Basic shares outstanding represent the actual number of shares outstanding during a period. Diluted shares outstanding include “dilutive” securities that could add to the share count — including options, warrants, and convertible debt. A stock split occurs when a company increases the number of its outstanding shares without changing its overall market recording transactions cap or value.

A company’s number of shares outstanding is used to calculate many widely used financial metrics. Market capitalization — share price times number of shares outstanding — and EPS are both computed using a company’s number of outstanding shares. When a company executes a stock split, the number of outstanding shares rises. Stock splits are often initiated to lower the share price, making it more accessible to retail investors and enhancing market liquidity.

  • While outstanding shares determine a stock’s liquidity, the share float—shares available for public trading – plays a crucial role.
  • Outstanding shares are one of three classifications of the share count.
  • Stock prices change constantly, making it difficult to keep track of the cost basis of shares acquired over time.
  • A company may have 100 million shares outstanding, but if 95 million of these shares are held by insiders and institutions, the float of only five million may constrain the stock’s liquidity.
  • The float, for instance, has no bearing on market capitalization or earnings per share.
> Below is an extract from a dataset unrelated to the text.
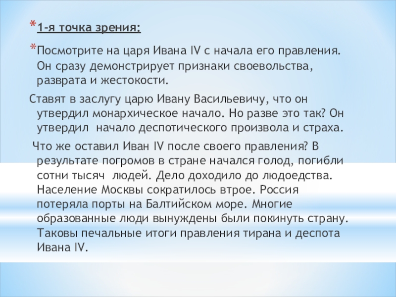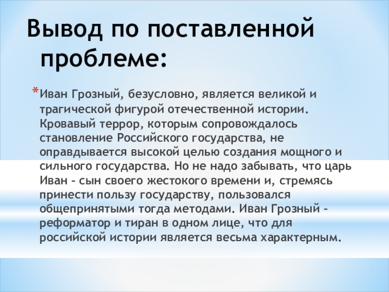 Грозного учитывать, что царь Иван – сын своего жестокого времени и, стремясь принести пользу государству, пользовался общепринятыми тогда методами?

Related AccountingTools Courses

The first of these, unrestricted shares, is also known as “the float.” These are the shares that can be actively traded on formula for outstanding shares the open market. Company A has issued 25,800 shares, offered 2,000 shares to two partners, and retained 5,500 stocks in the treasury. Let us understand the different types of outstanding shares equation through the explanation below.

  • The weighted average is used by accountants reporting a company’s financial results in accordance with GAAP (Generally Accepted Accounting Principals).
  • Get instant access to video lessons taught by experienced investment bankers.
  • Furthermore, by identifying the number of restricted shares versus the number of shares in the float, investors can gauge the level of ownership and autonomy that insiders have within the company.
  • These include a company’s market capitalization, such as market capitalization, earnings per share (EPS), and cash flow per share (CFPS).
  • Investors use outstanding shares to gauge a company’s size and compare it with peers.
  • A significant change in outstanding shares, such as through a stock buyback or issuance, can signal strategic shifts and impact investor sentiment.

How To Calculate Outstanding Shares

formula for outstanding shares

Every time one of these instruments is activated, the float and shares outstanding increase while the number of treasury stocks decreases. If all these warrants are activated, then XYZ will have to sell 100 shares from its treasury to the warrant holders. Outstanding shares represent a company’s shares that are held by investors, whether they’re individual, institutional, or insiders.